Start of Supplied material

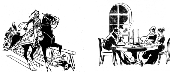
Рис. 2. Иллюстрации к роману «Война и мир», условно названные «Всадник» и «Светский вечер»

При сравнении различных вариантов сочетаний текста, набранного десятью шрифтами, с шестью разными иллюстрациями каждый эксперт (как и в первой серии) заполнял матрицу парных сравнений. Всего были получены 108 таблиц, заполненных экспертами. После обработки данных всех таблиц для каждой иллюстрации и гарнитуры была получена суммарная частота предпочтений и определен ранг. Для полноты эксперимента по методу парных сравнений также была определена удобочитаемость шрифтов. Ранговые характеристики второй серии эксперимента представлены в табл. 2.
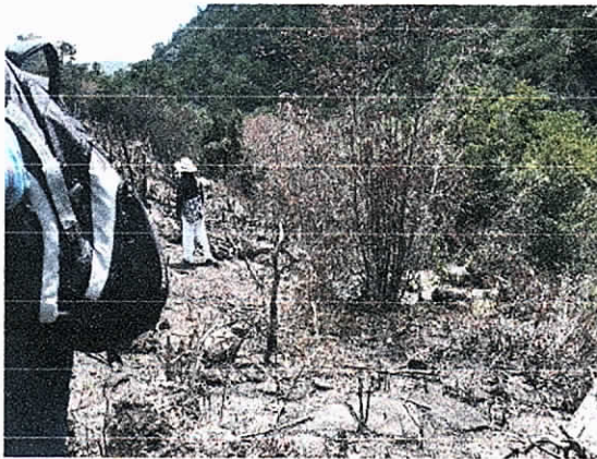
Fig.3. Área intervenida
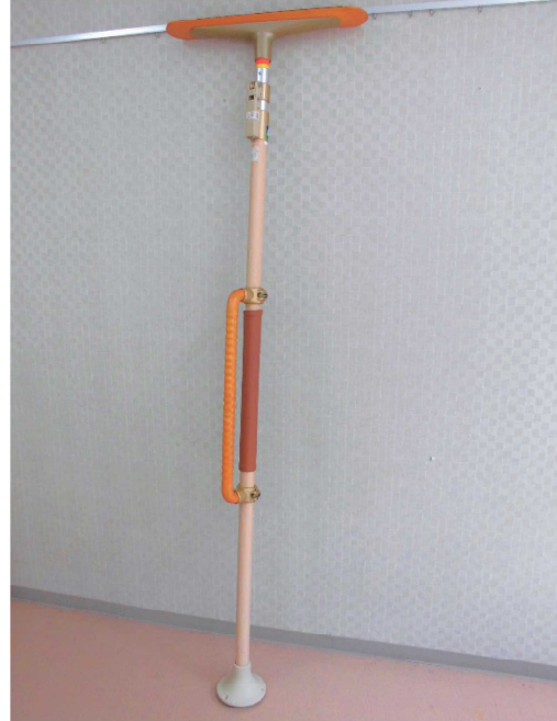
② 突っ張り棒型縦手すり
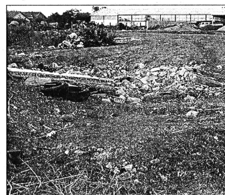
A valamikori német temető – a járványveszélyre hivatkozva – eltárolással, ma sivatár telek, egy üzem és szemétdomb található a területén

A szikisi (Lovčena) táborba kerültek azok a székelyek is, akik nem menekültek el. A jareki táborban tehát leginkább idősök, gyermekes anyák, beteges férfiak lettek haláluk. A tábor megsemmisítő voltól egyöntetűen a vélemények, még a szerb történészek közül is sokan elismerik ezt a tényt. A háború végétől a németiség egészét néppellenségnek tekintették, a náci által megalapozott kollektív bűnösség eszméjét burkolták kommunista mezbe. A jareki német őslakosság evangélikus vallású elődei a XVIII. század végén zömmel a Rajna vidékéről telepítették a faluba, legtöbben – mintegy kétezen
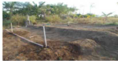
Gambar 2b. Petak Lahan dan Jaringan Irigasi Sprinkler Mini
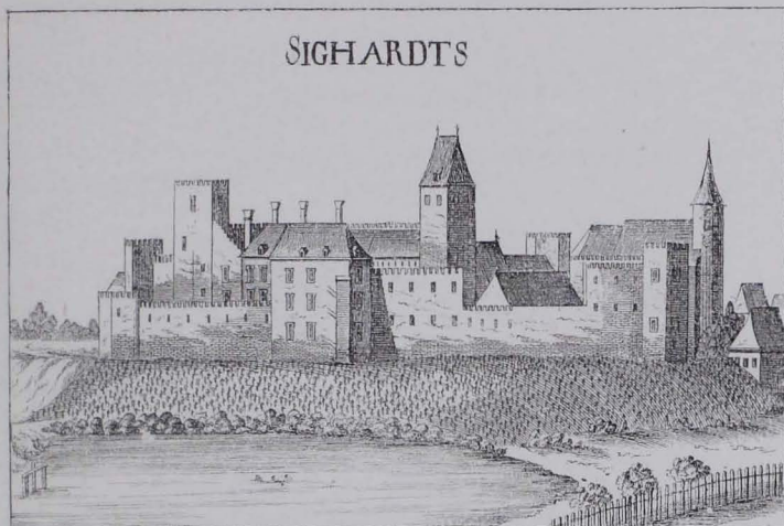
Fig. 135 Schloß Siegharts nach der Radierung von G. M. Vischer von 1672 (S. 137)

dann die Einpach, Waldstätten bis 1785 und die Edlen von Großer bis 1808 besonders hervorzuheben. Die Kapelle im Schlosse wurde 1708 hergestellt und hatte 1711 einen eigenen Kaplan. Sie enthielt 1734 einen Altar zu Ehren der schmerzhaften Mutter Gottes (Dekanatsarchiv Raabs). Anlage des XVI. Jhs. Am Anfange des XVIII. Jhs. vielfach adaptiert, am Ende des XIX. Jhs. umfassend restauriert (Fig. 135 und 136).
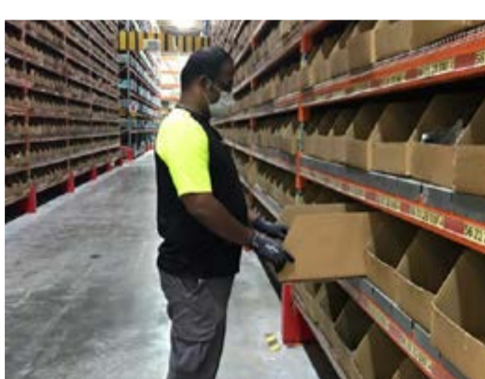
▲コロナ危機により世界中で重要性が高まるパーツの確保——ドバイのパーツ供給センターでは防疫対策を講じた上で稼働を継続。
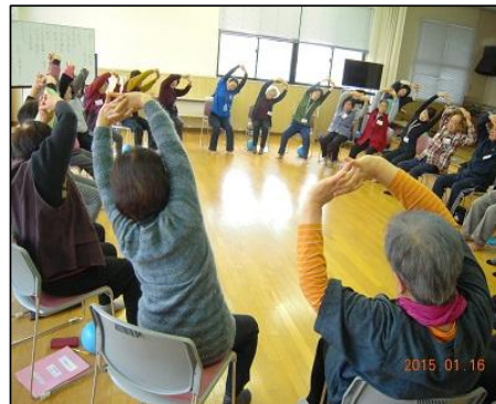
特とく教室の様子(地域支援事業)
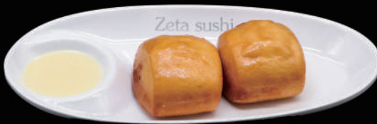
013 - PANE FRITTO allergeni: 1
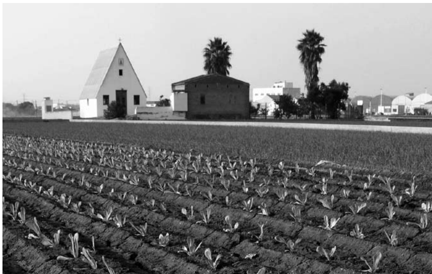
Imatge 3. Els darrers anys l'Horta de València està essent objecte d'iniciatives de planificació del paisatge.

l'Horta de València. Aquest darrer pla ha estat desenvolupat mitjançant el Pla d'acció territorial de protecció de l'Horta de València, que el 2008 ha estat en exposició pública. Amb una marcada dimensió paisatgística, aquest pla hauria de permetre preservar bona part dels espais agraris que resten a l'Horta de València, així com endreçar-hi els creixements urbanístics i d'infraestructures. Altres plans d'acció territorial (com ara el del Litoral de la Comunitat Valenciana, sotmès a informació pública el 2006 però encara tampoc aprovat) contenen disposicions en matèria de paisatge, tal com determina la legislació aplicable. Alhora, es té notícia que estan en procés d'elaboració almenys dos plans d'acció territorial només de paisatge, tot i que no s'han fet públics, d'àmbits corresponents a conques fluvials de les comarques centrals valencianes: el Pla d'acció territorial del paisatge de l'àmbit supramunicipal de la vall del riu Serpis i la vall del riu Gallinera, i el Pla d'acció territorial del paisatge de l'àmbit supramunicipal de la vall del riu Guadalest. Recentment ha aparegut una publicació que sistematitza aquests darrers esforços en matèria de paisatge, anomenada significativament La nova política del paisatge de la Comunitat Valenciana (Generalitat Valenciana, 2009).
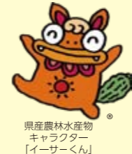
県産農林水産物キャラクター「イサーくん」

島ヤサイを使ったオリジナル料理レシピを提案する「うちなー島ヤサイコンテスト」の入賞作品の展示・試食
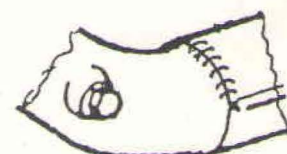
nieuw (50 mm)
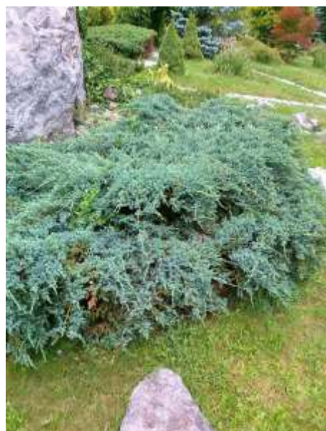
Juniperus squamata 'Blue carpet' brin

Habitus: plazeč iglavec razprostrte rasti, h: 0.4m, š: 1.5m,
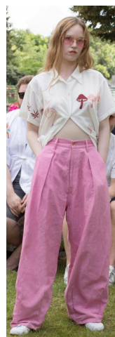
〈그림 15〉 Story MFG 2019 S/S
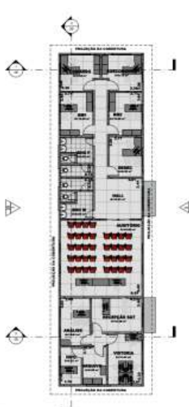
Figura 02 – BLOCO DE ALOJAMENTOS
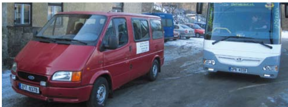
Po dvacáté hodině zajišťuje spojení mezi zbirožským náměstím a zhruba čtyři kilometry vzdálenou železniční stanicí minibus na zavolání (na snímku vlevo).

jsme se, že v méně exponovaných částech dne bude dopravce na trase mezi zbirožským náměstím a železniční stanicí nasazovat místo klasického autobusu minibus. Tím se ušetří určitý objem finančních prostředků, které pokryjí provoz pozdně večerních spojů na zavolání,“ vysvětluje Marcela Benediktová. „Věříme, že s tímto novým druhem dopravy budou cestující maximálně spokojeni a nikdo jej nebude zneužívat. Pokud by docházelo k planým výjezdům, museli bychom situaci přehodnotit,“ dodává. ■
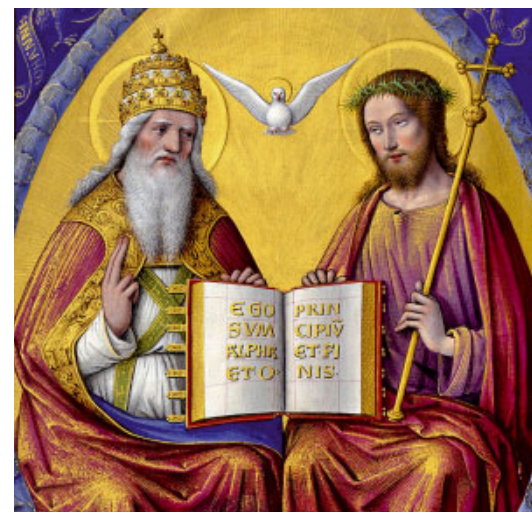
Miniatura de la Santíssima Trinitat extreta de llibre de Les grans hores d'Anna de Bretanya (1503-1508). Biblioteca Nacional de França
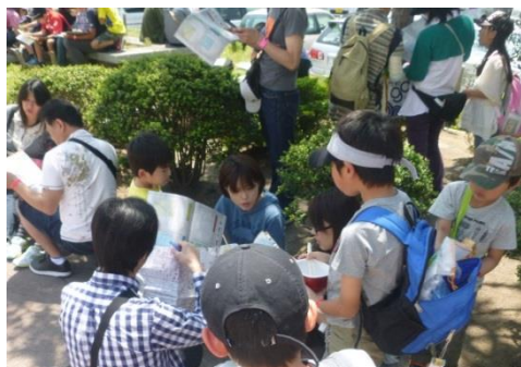
大人も子供も夢中になって宝の地図の暗号を解読

観光地やテーマパーク、ショッピングモールなどの店舗で遊べる、参加型の宝探しイベントです。参加者は宝の地図（参加冊子）を入手し、描かれた謎を解き明かし、隠された手がかりをみつけながら、最終的に「宝物」を発見します。宝物捜索の間に触れる、観光地の名所や、隠れスポットや、お土産屋さんの店主との会話など、自分だけの発見を楽しみながら参加いただけます。
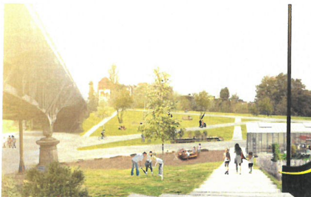
Image de synthèse extraite du dossier de demande

La présente demande de permis porte sur l'aménagement de la partie du Parc de Tour & Taxis qui est située entre le boulevard du Jubilé et l'avenue Jean Dubrucq ainsi que sur la création de deux nouveaux accès définitifs au parc de Tour & Taxis, l'un depuis le pont du Jubilé classé, l'autre depuis le pont Clesse (avenue Jean Dubrucq à Molenbeek). Il répond pour grande partie aux remarques formulées par la CRMS dans son avis de principe, notamment en ce qui concerne le nombre d'accès au parc (limité à deux) et les interventions qui touchent au pont classé.
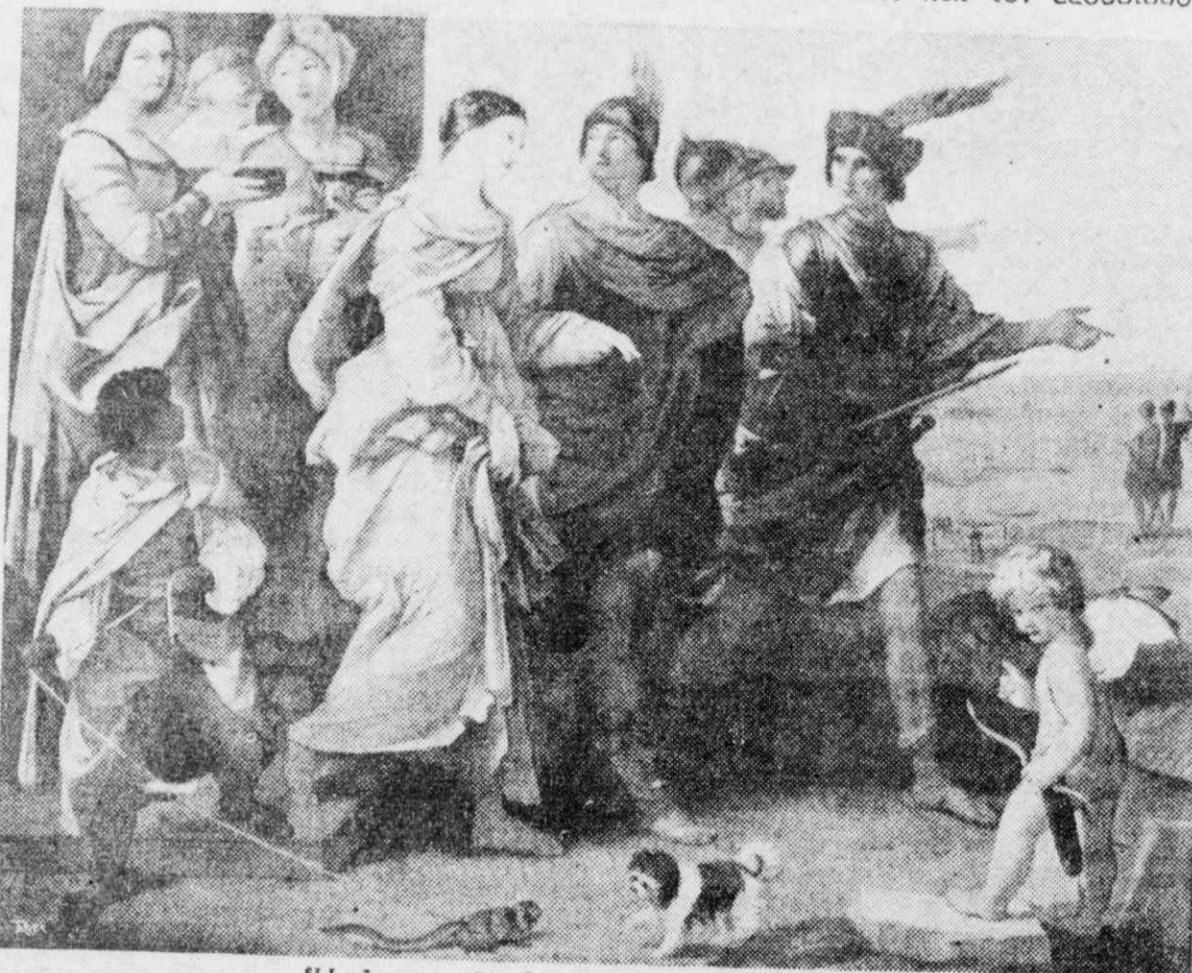
Ἡ ἀπαγωγὴ τῆς ὠραίας Ἑλένης (Ἔργο τοῦ Γκίντ, Μουσεῖο Λούβρου)

Καὶ ἄς ἔρθουμε τῶρα στὸν Μεσαίωνα. Κάποια ἡμέρα, ἐνῶ ὁ διάδοχος τοῦ ἀγγλικοῦ θρόνου καὶ θετὸς υἱὸς τοῦ Ἄγγλου Βασιλέως Ἐδουάρδου τοῦ Ἐξομολογητοῦ, ἔκανε περίπατο μὲ τὸ πλοιάριό του στὴ θάλασσα τῆς Μάγχης. ἀντίθετος ἄερας τὸν πέταξε, ὕστερα ἀπὸ ἀρκετὲς περιπέτειες, στὴν ἀκτὴ τῆς Νορμανδίας, ἡ ὁποία ἦταν τότε

End of Supplied material

## Problem to solve:
Word for word, restate the lines above from the one with "dann die Einpach, Waldstätten" through the one with "Po dvacáté hodině", keeping both ends and dropping the pictures.

## Answer to this task:
dann die Einpach, Waldstätten bis 1785 und die Edlen von Großer bis 1808 besonders hervorzuheben. Die Kapelle im Schlosse wurde 1708 hergestellt und hatte 1711 einen eigenen Kaplan. Sie enthielt 1734 einen Altar zu Ehren der schmerzhaften Mutter Gottes (Dekanatsarchiv Raabs). Anlage des XVI. Jhs. Am Anfange des XVIII. Jhs. vielfach adaptiert, am Ende des XIX. Jhs. umfassend restauriert (Fig. 135 und 136).
▲コロナ危機により世界中で重要性が高まるパーツの確保——ドバイのパーツ供給センターでは防疫対策を講じた上で稼働を継続。
特とく教室の様子(地域支援事業)
013 - PANE FRITTO allergeni: 1
Imatge 3. Els darrers anys l'Horta de València està essent objecte d'iniciatives de planificació del paisatge.

l'Horta de València. Aquest darrer pla ha estat desenvolupat mitjançant el Pla d'acció territorial de protecció de l'Horta de València, que el 2008 ha estat en exposició pública. Amb una marcada dimensió paisatgística, aquest pla hauria de permetre preservar bona part dels espais agraris que resten a l'Horta de València, així com endreçar-hi els creixements urbanístics i d'infraestructures. Altres plans d'acció territorial (com ara el del Litoral de la Comunitat Valenciana, sotmès a informació pública el 2006 però encara tampoc aprovat) contenen disposicions en matèria de paisatge, tal com determina la legislació aplicable. Alhora, es té notícia que estan en procés d'elaboració almenys dos plans d'acció territorial només de paisatge, tot i que no s'han fet públics, d'àmbits corresponents a conques fluvials de les comarques centrals valencianes: el Pla d'acció territorial del paisatge de l'àmbit supramunicipal de la vall del riu Serpis i la vall del riu Gallinera, i el Pla d'acció territorial del paisatge de l'àmbit supramunicipal de la vall del riu Guadalest. Recentment ha aparegut una publicació que sistematitza aquests darrers esforços en matèria de paisatge, anomenada significativament La nova política del paisatge de la Comunitat Valenciana (Generalitat Valenciana, 2009).
県産農林水産物キャラクター「イサーくん」

島ヤサイを使ったオリジナル料理レシピを提案する「うちなー島ヤサイコンテスト」の入賞作品の展示・試食
nieuw (50 mm)
Juniperus squamata 'Blue carpet' brin

Habitus: plazeč iglavec razprostrte rasti, h: 0.4m, š: 1.5m,
〈그림 15〉 Story MFG 2019 S/S
Figura 02 – BLOCO DE ALOJAMENTOS
Po dvacáté hodině zajišťuje spojení mezi zbirožským náměstím a zhruba čtyři kilometry vzdálenou železniční stanicí minibus na zavolání (na snímku vlevo).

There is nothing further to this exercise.